After Earth
There are a lot of things I could say about “After Earth,” the sci fi thriller co-written and directed by M. Night Shyamalan (“The Last Airbender”) and co-starring Will Smith and his son, Jaden.
One of those things is “thought-provoking." It certainly raises its share of questions. Things like:
So animals can evolve into giant man-eating species in just about 1,000 years when previous evidence suggests it takes billions?
A pack of wild hungry baboons is afraid of … a river?
Can a human really repair his own severed femoral artery using a rubber tube?
Why do future people never use contractions?
And if they have these really wicked double-bladed sword things, why don’t they have laser guns of some sort also?
Why do this world’s seat belts make hissing noises when they buckle and unbuckle?
When did birds start forming emotional bonds with their food?
I could go on, but at this point it would probably be more practical to say the “After Earth” screenplay likely reads like a piece of stilted fanfiction written by a 14-year-old feverishly trying to finish his opus before the end of study hall.
Or, perhaps a little less succinctly (but no less accurate), by someone who saw a few “Star Wars” movies, the odd-numbered “Star Trek” films, and read four sci fi novels, then decided to make his own futuristic sci-fi epic … in a couple of months. As a Jaden Smith vanity project. Without a technical advisor.

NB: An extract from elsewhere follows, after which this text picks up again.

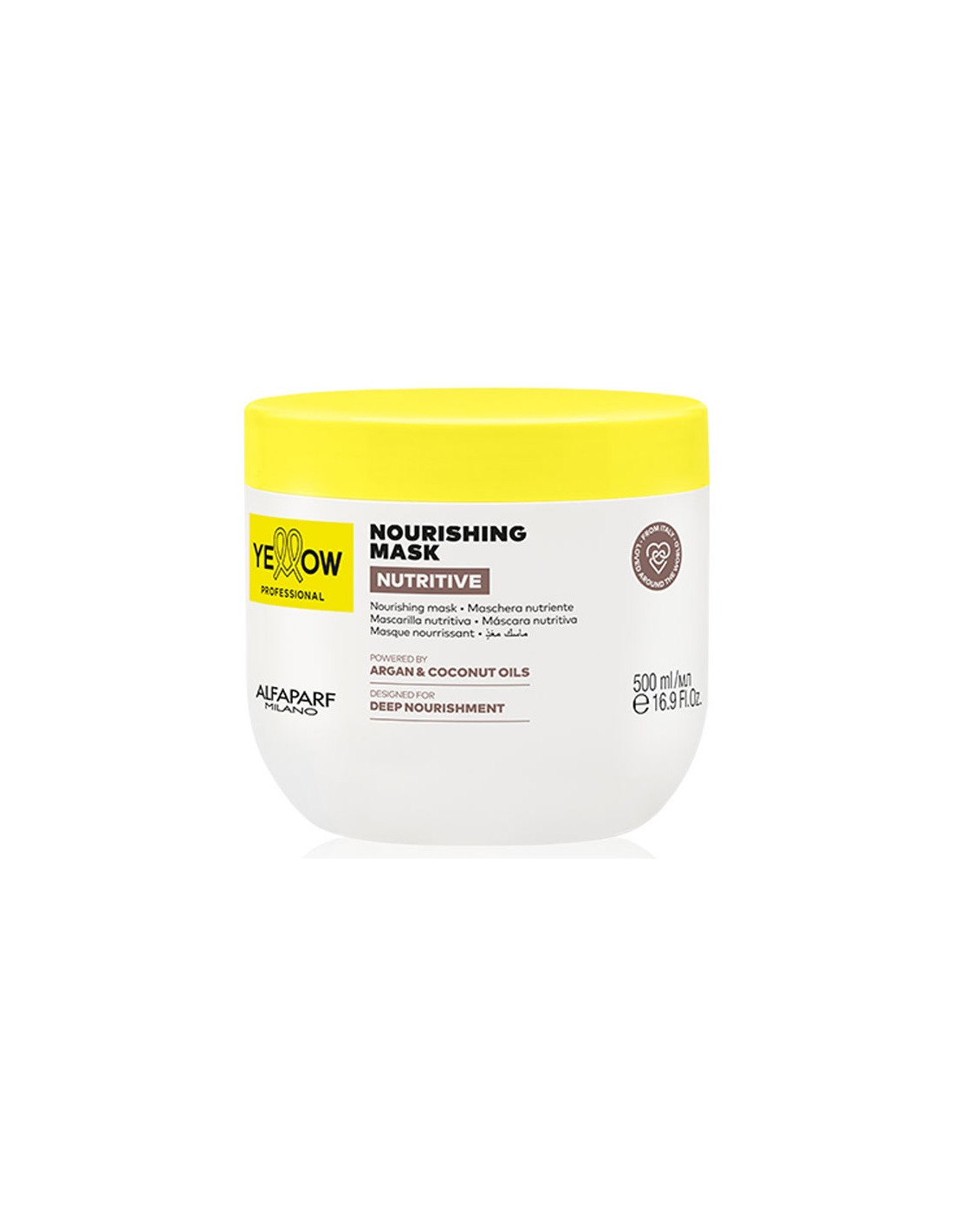 En dybt nærende maske med en rig tekstur giver tørt hår intens hydrering og næring, giver håret blødhed og glans og gør det lettere at rede. Formlen er beriget med: - arganolie, som indeholder omega-3, omega-6 og E-vitamin, genopretter hårets vitalitet og giver håret silkeblødhed; - kokosolie, som indeholder blødgørende ingredienser og E-vitamin, fugter og nærer hårfibrene ideelt set, forhindrer håret i at kruse; - Aloetrix-kompleks med aloe vera, hvedeproteiner og UV-filtre fugter håret, gør håret lettere at rede og beskytter det yderste lag af hårstrukturen. Begge olier har fremragende fugtgivende og regenererende egenskaber. BRUG: Påfør masken i fugtigt, håndklædetørt hår, fordel jævnt langs hele hårets længde og spidser. Lad masken sidde i håret i 5 minutter. Skyl derefter. For mere intens hårpleje og en længerevarende effekt kan Yellow Professional Nutritive Nourishing Leave-in Cream påføres i håndklædetørt hår.

Quickly, the plot: Will Smith plays some guy with a made-up badass science-fiction name. Something like Furious Styles. That name is wrong, but I don’t care enough to go look, honestly. I don't really feel bad about that, because it represents roughly the effort Shyamalan put into naming him. Jaden plays his son, who doesn’t know his father all that well because Pops was out being a hero during his formative years.

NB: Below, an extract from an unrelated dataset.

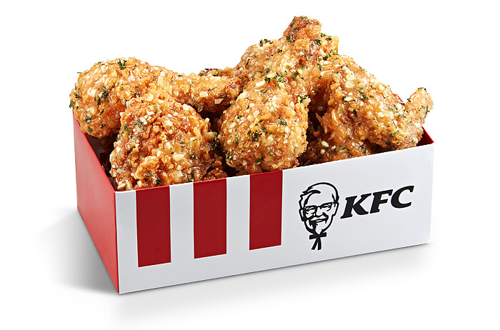 韓國肯德基KFC近期推出許多新品像是超紅的炸雞皮,現在又推出「大蒜風味炸雞」,光是圖片看起就美味度滿分~實在太誘人了!

Jaden wants to be a Ranger like his dad and passes physical muster but wilts under stress. That’s ironic, see, because his dad is known as maybe the only person who has no fear, which works well seeing as how the aliens they fight are blind, but can smell and track human angst. But he also talks slowly, being a little too direct and without contractions. Think Spock, but with fewer interesting character traits.
So dad and son go on a bonding mission, which ends in disaster when their ship crashes on Earth, which is now pretty inhospitable to humans and filled to the brim with man-eating monsters. Oh, and the freaky alien larva Pops had onboard to use as training for the Rangers. But don’t worry … it probably didn’t survive the crash. Definitely not. But look out for it just in case.

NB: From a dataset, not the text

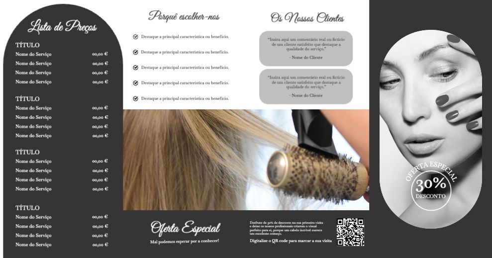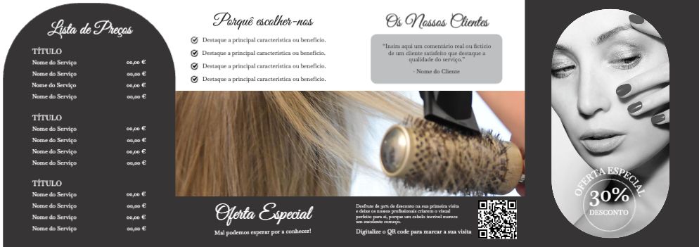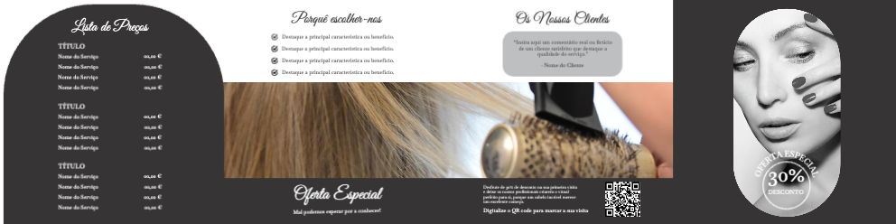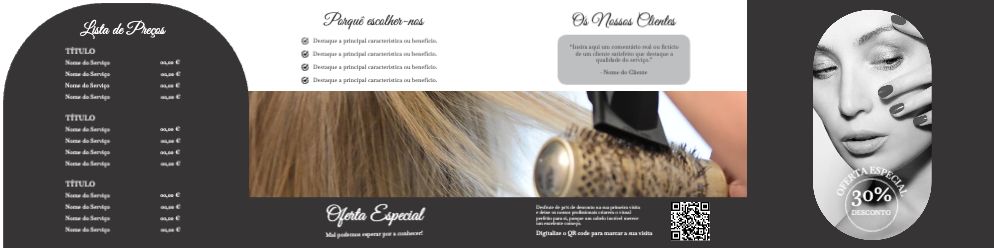 Explore diferentes estilos e modelos de folheto com 3 dobras em z. Escolha o design que melhor representa o seu negócio e personalize-o facilmente no nosso editor de design online.

The crash has two survivors: Furious (again, not his real name. It's from “Boyz n the Hood”) and his boy, though Pops has two broken legs and, yes, internal bleeding from his femoral artery, which, in real life, would cause him to bleed out in minutes, but in this world gives him … hell, as much time as he needs.
So Pops sends out his kid to travel about 100 kilometers to retrieve the distress beacon from the ship's tail, which snapped off in the crash. By himself. In the world with giant killer everythings and the giant man-eating alien creature. Probably dead, but be careful, just in case.
This leaves junior to venture out into the world by himself, with only his crazy color-changing supersuit and his dad’s “cutlass” — think Darth Maul’s lightsaber if the blades were metal instead of made of lasers.
Putting it mildly, Shyamalan’s world has no internal logic. It’s a world destroyed by human pollution ... and invaded by aliens. Abandoned for 1,000 years, all of the species have evolved to hunt and kill humans … did I mention all of the humans left a millennium ago? With wild temperature shifts that create a jungle-type atmosphere during the day, but as the sun sets, the temperature drops until it’s uninhabitable for a human to live in (so why don’t all of the other animals freeze to death, too?). Oh, but there are hot spots around, meant to provide Jaden with a video game-style checkpoint to get to each night, only the film rarely uses them. Each of these items is important to the story only in certain designated spots.
Everything about this film is manufactured with the express intent to drive the plot or create tension. At one point, Jaden lies to his dad about something that’s a matter of life and death for no discernible reason. Even later when he fesses up, it makes no sense. The narrative choices through the film make no sense, either, and the world itself is nonsensical. At one point, Jaden meets with a dangerous baboon. We know this because Furious (not his real name) has been tracking it with his futuristic animal finder (in fact, he updates Jaden as it approaches ... 30 meters ... 20 ... 10). After Jaden throws a rock at the baboon, suddenly the ape turns around and calls about a dozen of his friends, which the scanners apparently missed.
Oh, and the overarching lesson of the movie? Don’t ever be afraid or you will die. Great message.
If “After Earth” isn’t the worst movie made this year, it’s certainly the laziest and most wasteful. It imprisons the affable Will Smith behind a stoic puss (no kidding, I think he cracks 5/8 of a smile through the entire film) and creates a humorless, bland film with no sense of gravity, wonder or fun whatsoever. Clinical and passionless, “After Earth” is a waste of your time and money.